How not to be Impatient
Testing the solution is often a very tedious process. In order to be done properly, multiple scenarios and edge cases have to be drawn up. Every moving part in the code is a new potential point of failure. Is it any wonder that some people make their living on testing alone? Because not every programmer can do it. Of course, there are those who are so impatient that testing is a waste of time for them. Take note; that is the wrong way to be impatient. In fact, that isn't even being impatient - just stupid.The wrong brand of impatience can also cause developers to cut corners during the development process - not in terms of quality, but in terms of communication. There have been times during my career where things were moving too slowly for my liking - I badgered colleagues for specifications, took things into my own hands and generally jumped the gun. This resulted in systems that sometimes did not function as expected, and sometimes deviated wildly from user expectation. My mistake was not taking the extra time to check with the users that I had understood their intentions correctly. This resulted in work they couldn't use, and a waste of company time. Sure, I leveled up in the process. Sure, I had fun doing it. But the company wasn't paying me to level up, or entertain myself on their time.
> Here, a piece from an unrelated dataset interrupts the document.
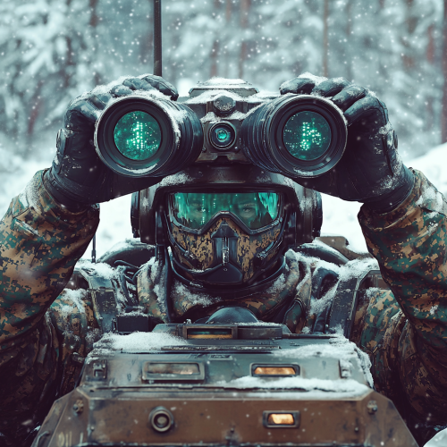 realistic close up front view of a camouflaged cyborg tank commander looking through futuristic binoculars whilst peering through the top of a futuristic armoured tank, background is a snowy forest

It was paying me to get work done. And on that count, I failed. An employer once described me as a race car achieving great speed, but in the wrong direction. That wasn't a compliment.
It probably should also go without saying that the wrong brand of impatience can hurt a programmer who gives up too easily. Things rarely make sense right away, and if a problem isn't yielding a solution right away, approach from another angle. Time spent on understanding something is rarely time wasted.